BEGIN RECORDS FOR THE TASK

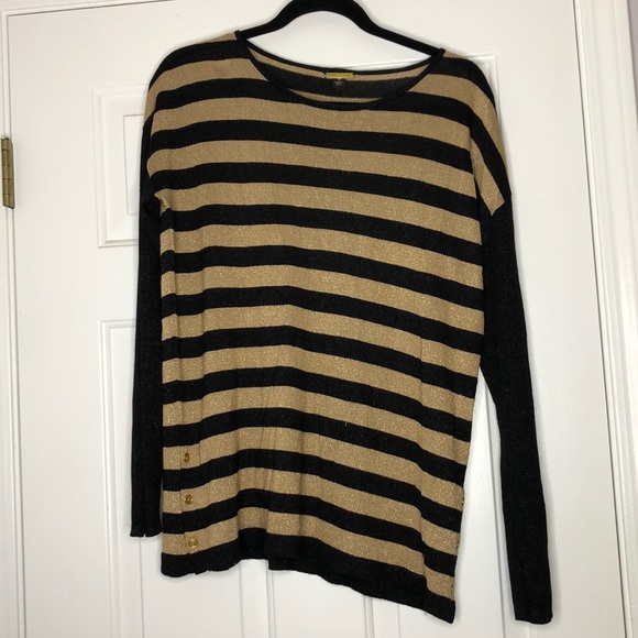 Great for the holidays. Gold and black sparkly sweater. Button details alone side
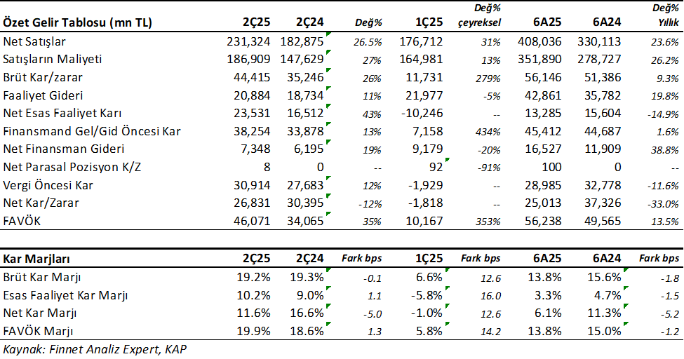 Türk Hava Yolları (THYAO) 2Ç25’de beklentilerin %13 üzerinde 26.831mn TL net kar açıkladı. Analist medyan beklentileri 23.728mnTL seviyesindeydi. Sezonsal etkiyle yolcu gelirlerindeki artış, maliyet baskısındaki azalma ve faaliyet giderlerinin önceki çeyreğe göre gerilemesi son olarak önceki çeyreğe göre daha düşük net finansman gideri oluşması net karı destekledi. 2Ç25’de net kar yıllık %12 geriledi. 1Ç25’de Şirket 1.818mn TL zarar açıklamıştı.
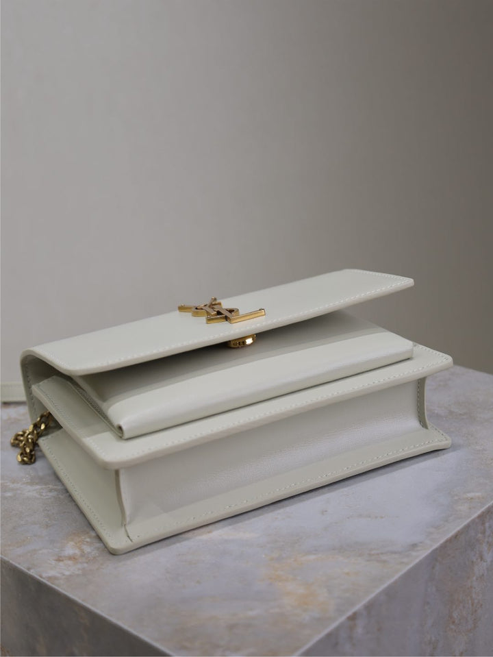 SUNSET SMALL BAG 19 IN WHITE CALFSKIN GOLD HARDWARE
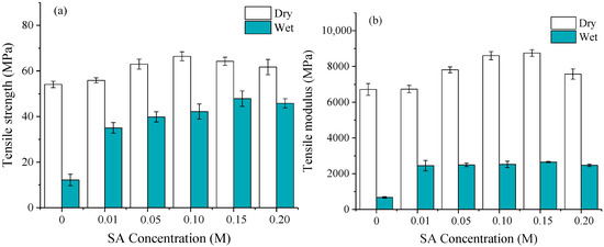 Figure 7. The effect of SA concentration on (a) tensile strength and (b) tensile modulus of modified NP in dry and wet conditions.
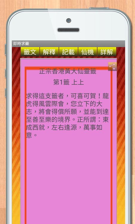 另外,本軟件支援分享功能,可以將籤文跟家人朋友分享。

END RECORDS FOR THE TASK

*EXERCISE DETAILS:*
Your copy should match the records above word for word, but without images.

*SOLUTION BELOW:*
 Great for the holidays. Gold and black sparkly sweater. Button details alone side
 Türk Hava Yolları (THYAO) 2Ç25’de beklentilerin %13 üzerinde 26.831mn TL net kar açıkladı. Analist medyan beklentileri 23.728mnTL seviyesindeydi. Sezonsal etkiyle yolcu gelirlerindeki artış, maliyet baskısındaki azalma ve faaliyet giderlerinin önceki çeyreğe göre gerilemesi son olarak önceki çeyreğe göre daha düşük net finansman gideri oluşması net karı destekledi. 2Ç25’de net kar yıllık %12 geriledi. 1Ç25’de Şirket 1.818mn TL zarar açıklamıştı.
 SUNSET SMALL BAG 19 IN WHITE CALFSKIN GOLD HARDWARE
 Figure 7. The effect of SA concentration on (a) tensile strength and (b) tensile modulus of modified NP in dry and wet conditions.
 另外,本軟件支援分享功能,可以將籤文跟家人朋友分享。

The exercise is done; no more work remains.